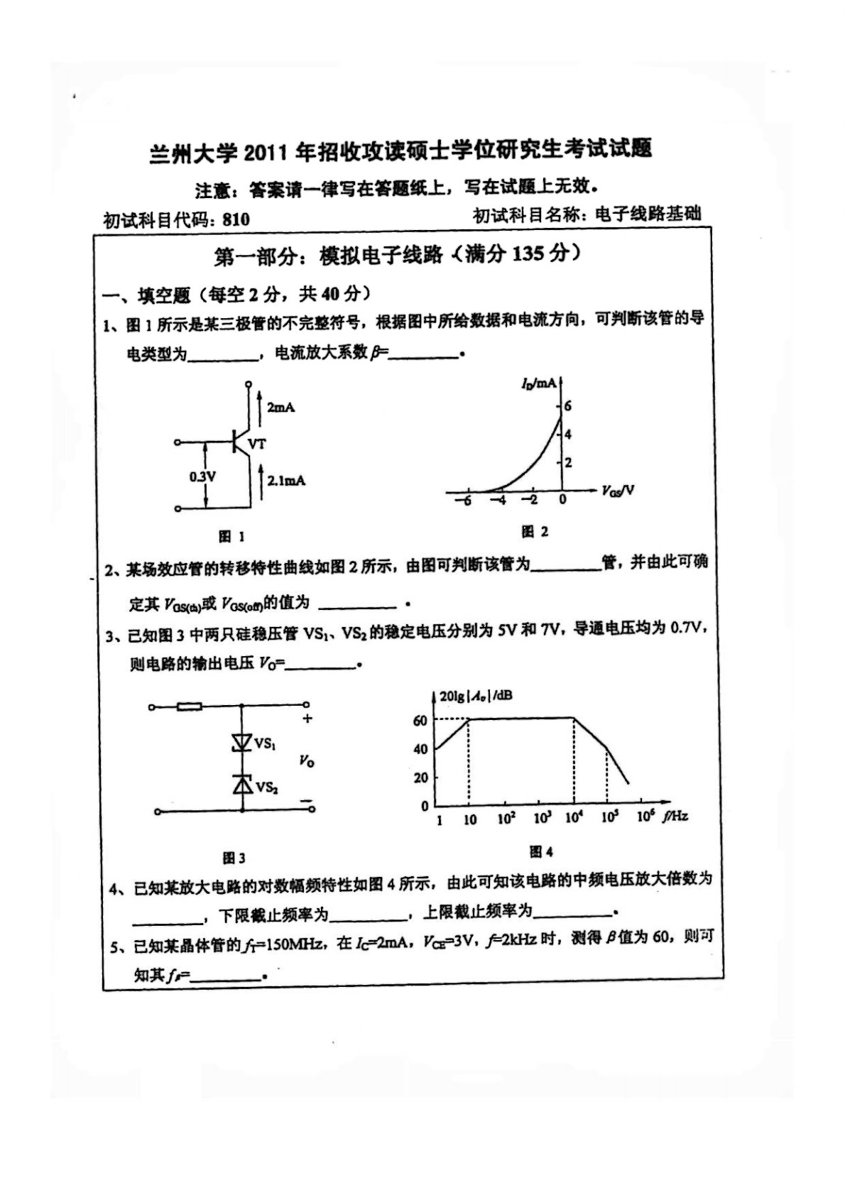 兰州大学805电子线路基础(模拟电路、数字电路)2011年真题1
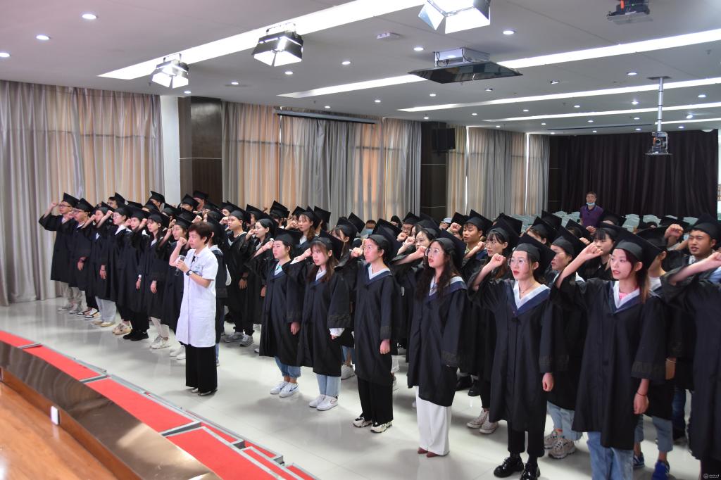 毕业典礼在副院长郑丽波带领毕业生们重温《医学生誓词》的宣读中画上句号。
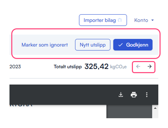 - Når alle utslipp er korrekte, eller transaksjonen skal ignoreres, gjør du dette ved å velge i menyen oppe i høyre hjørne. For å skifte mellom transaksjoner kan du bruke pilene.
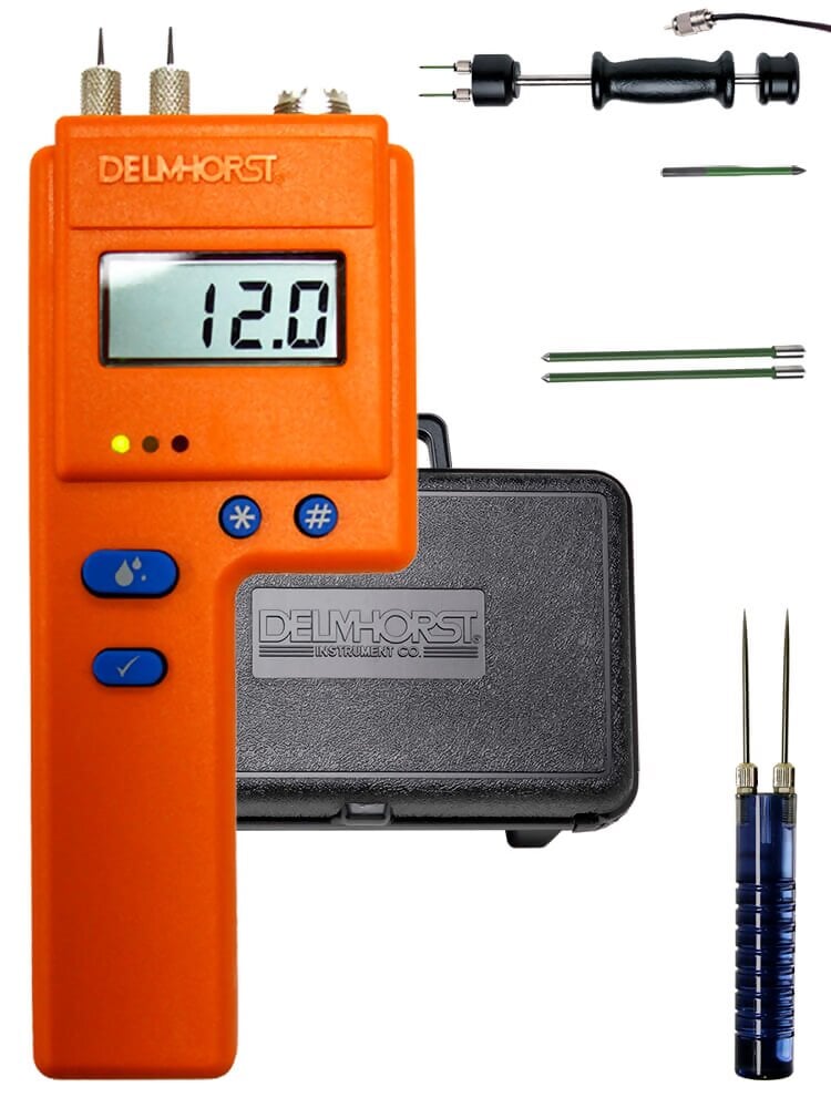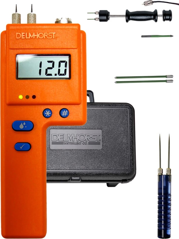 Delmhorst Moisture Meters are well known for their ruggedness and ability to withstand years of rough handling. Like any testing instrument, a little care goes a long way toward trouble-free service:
•••
Directions for this task >>
Please give again, word for word, the lines from the one containing "- Når alle utslipp" through the last line of the listing above, inclusive, and leave out pictures.

Response >>
 - Når alle utslipp er korrekte, eller transaksjonen skal ignoreres, gjør du dette ved å velge i menyen oppe i høyre hjørne. For å skifte mellom transaksjoner kan du bruke pilene.
 Delmhorst Moisture Meters are well known for their ruggedness and ability to withstand years of rough handling. Like any testing instrument, a little care goes a long way toward trouble-free service:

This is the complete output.